How do aggregate functions handle NULL values in SQL?
All aggregate functions except COUNT(*) silently ignore NULL values. This means AVG divides by the count of non-NULL rows, not total rows, which can silently skew results if NULLs are not accounted for.
How to think about it
What the question is really testing
This is a data integrity question dressed up as a SQL question. The interviewer wants to know whether you automatically check NULL rates before trusting an AVG, and whether you know when to substitute NULLs before aggregating versus when to leave them as-is.
The rule — all aggregates ignore NULLs except COUNT(*)
Every aggregate function — SUM, AVG, MIN, MAX, COUNT(col) — skips NULL rows entirely. Only COUNT(*) counts every row regardless.
scores = (80, 90, NULL, NULL, NULL)
COUNT(*) = 5 -- counts every row
COUNT(score)= 2 -- only non-NULL rows
SUM(score) = 170 -- NULLs skipped
AVG(score) = 85 -- 170 / 2, not 170 / 5
Whether AVG = 85 is correct depends entirely on domain: if NULL means “did not attempt,” you probably want the denominator to be 2. If NULL means “scored zero,” you need to substitute before averaging.
Try it live — spot the hidden AVG skew
How to defend against the skew
Always compare COUNT(*) to COUNT(col) before trusting an AVG:
SELECT
COUNT(*) AS total_rows,
COUNT(score) AS non_null_rows,
ROUND(100.0 * COUNT(score) / COUNT(*), 1) AS pct_filled,
AVG(score) AS avg_score
FROM exam_results;
If pct_filled is 40%, your average is based on less than half the data — that might be fine or it might be a data quality alarm.

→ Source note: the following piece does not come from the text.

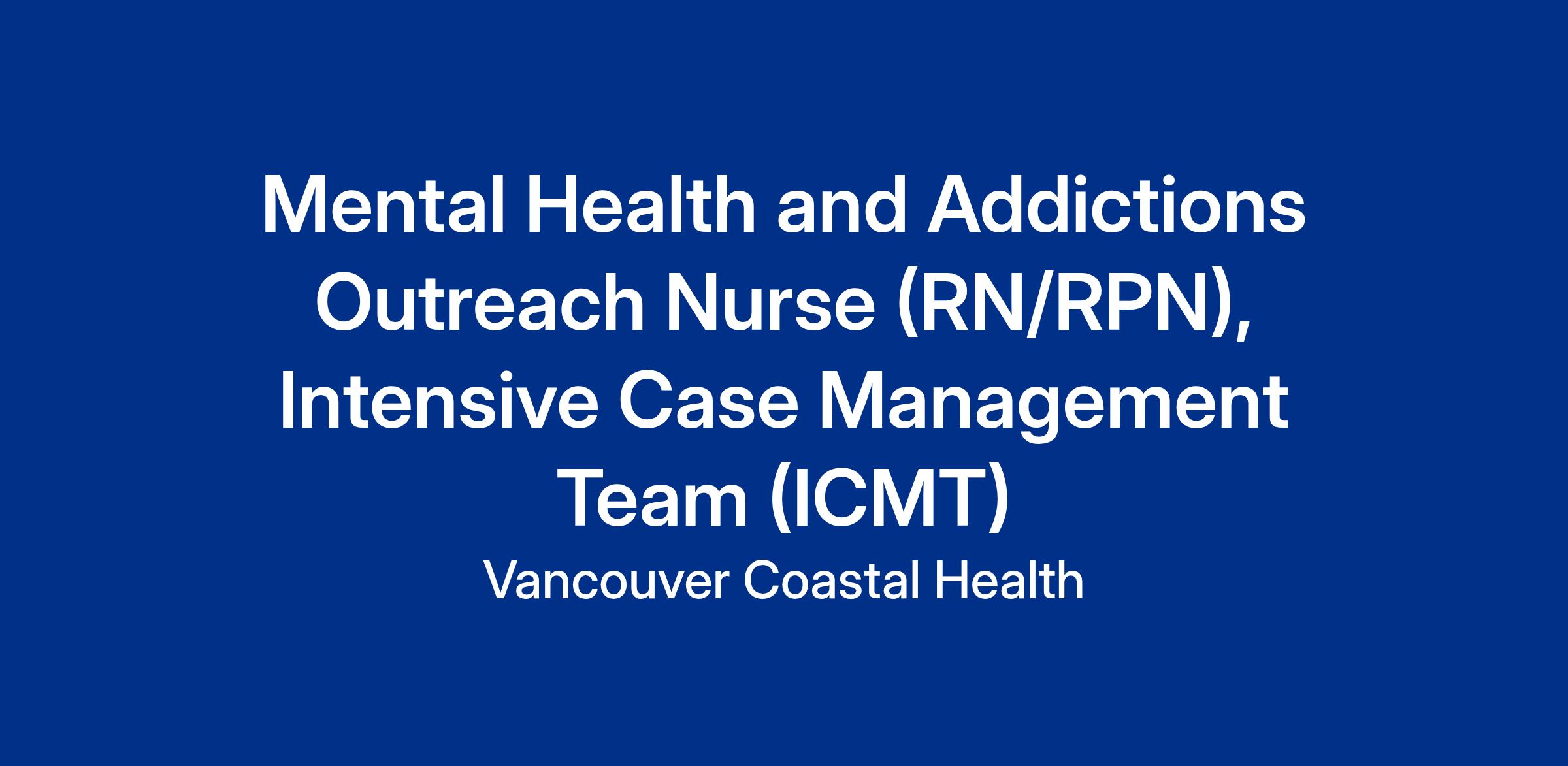 Mental Health and Addictions Outreach Nurse (RN/RPN), Intensive Case Management Team (ICMT)

Substitute when domain says NULL = zero:
AVG(COALESCE(score, 0))
Leave NULLs as-is when NULL means “not applicable”:
If a customer never made a purchase, avg_order_value should be NULL for them — not zero. Don’t blindly COALESCE without understanding the semantics.
NULL in GROUP BY
NULL values in the grouping column form their own group — all rows with a NULL key are bucketed together and appear as a NULL label in the result:
SELECT region, COUNT(*) FROM sales GROUP BY region;
-- A row with region = NULL forms its own group labelled NULL
MIN and MAX with all-NULL columns
If every value in the column is NULL, MIN and MAX return NULL — not an error. This is a common cause of confusing “successful” queries that produce NULL outputs.